I had a friend once and every single argument she would have with someone (myself included) it was always because they were jealous of her Hmm This woman reminds me of her, who BTW I have not spoken to for over 3 years now.

Growlithe · 03/04/2012 08:51

Another of her articles This woman is a nightmare Hmm

MarieFromStMoritz · 03/04/2012 08:55

Another of her articles...

She just looks like a middle-aged woman in frumpy shoes.

OP posts:
CrockoDuck · 03/04/2012 08:56

She's not hideous or anything - just quite bland and uninteresting. I don't believe for a second that people are always falling over themselves to send over champagne or stop her paying for drinks.

Really, what on earth possessed her to write an article like this..."Oh, poor me, I'm so beautiful it's making my life a misery"?????

Deluded in the extreme.

Nancy66 · 03/04/2012 08:58

I'd say the 1k-a-time was incentive CrockoDuck

HexagonalQueenOfTheSummer · 03/04/2012 09:00

I think we've all come across someone like her at some point.

I was at college with a girl like that; not ugly looking, maybe slightly higher than average but certainly not gorgeous enough to have men falling at her feet, as she seemed to claim they did. I went into town with her a few times and she continually said 'Look, he's looking at me' whenever we went past a male whether they were 6 or 16. She said she'd always had problems with girls as 'they are always jealous', and she made stealth boasts saying things like 'Oh I wish I could be ordinary like you, it's hard being so beautiful'. And of course lots of put down comments 'I don't think you are very pretty but you have a nice personality so that makes up for it'

Another thing that made me laugh was when she'd tell us all tales of how she had been stopped by so many modelling agency scouts in the street she just didn't know which one to sign up with. She never got approached by any when I was out with her and 20 years later I've yet to see her doing any modelling. She is on my Facebook friends and now she is in her late thirties but is all dolled up like she was in her late teens/early twenties she looks rather like a man in drag. I get the feeling from her statuses she still thinks she is god's gift though.

I'm really wondering what makes people like this? Incredibly high self esteem where their parents have always said they're beautiful (I am doubtful in this case about that as her sister is incredibly normal and down to earth)?very low self esteem so they have to constantly tell people how wonderful they are and try to make others feel bad? some sort of personality disorder? I really am fastinated.

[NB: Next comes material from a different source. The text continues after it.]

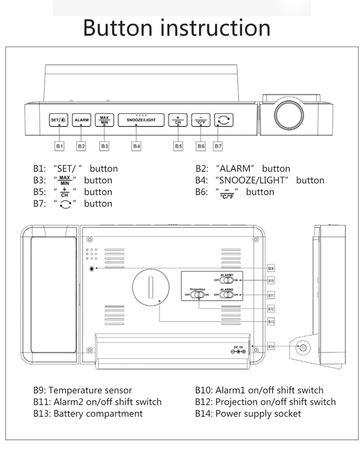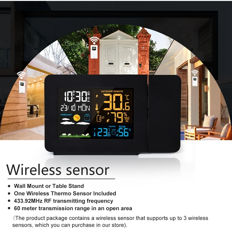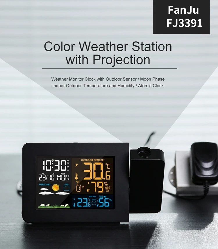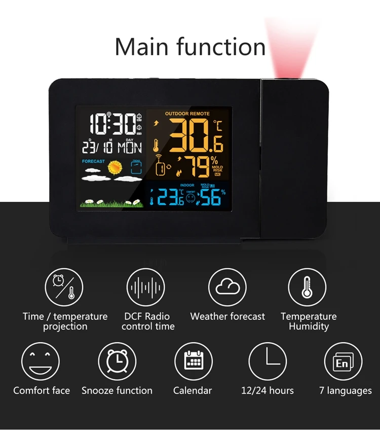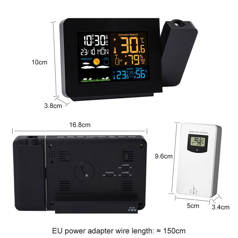 Digital Atomic Alarm Clock Color LCD Display Weather Station Radio Control Projection Time Temperature Humidity Forecast Sensor

AngryBeaver · 03/04/2012 09:02

Honestly, I find that just bewildering. I suppose because she is well groomed/dressed then she could possibly get away with being described as attractive (and I'm being very generous there)...there is no way she is "pretty" and definitely not "good looking". I find it very hard to believe that men pay for things for her based on her looks. She is mediocre,at best. I just showed my (very good looking) dh, the pic and article and laughed his head off.
She is completely deluded. I wonder if that is the reason she has lost all her friends? Not because she is a cock magnet,but because she is tapped!

CrockoDuck · 03/04/2012 09:03

£1k? Is that all?

As a former journalist (never made it to the dailies or anything) there's no flipping way I'd humiliate myself in such a public way for £1k. Absolutely no way.

There's a lot I'd do for £1k, but not that

HexagonalQueenOfTheSummer · 03/04/2012 09:03

men probably pay for things because she has a reputation as a slapper!

Nanny0gg · 03/04/2012 09:14

She looks prettier in some of the other pictures - the one with her husband in the hideous mustard shirt for example, but she really isn't anything special. (Not jealous either, she's still better looking than I am but that doesn't make her anything but average)

I can't believe she was actually paid for writing such a load of claptrap.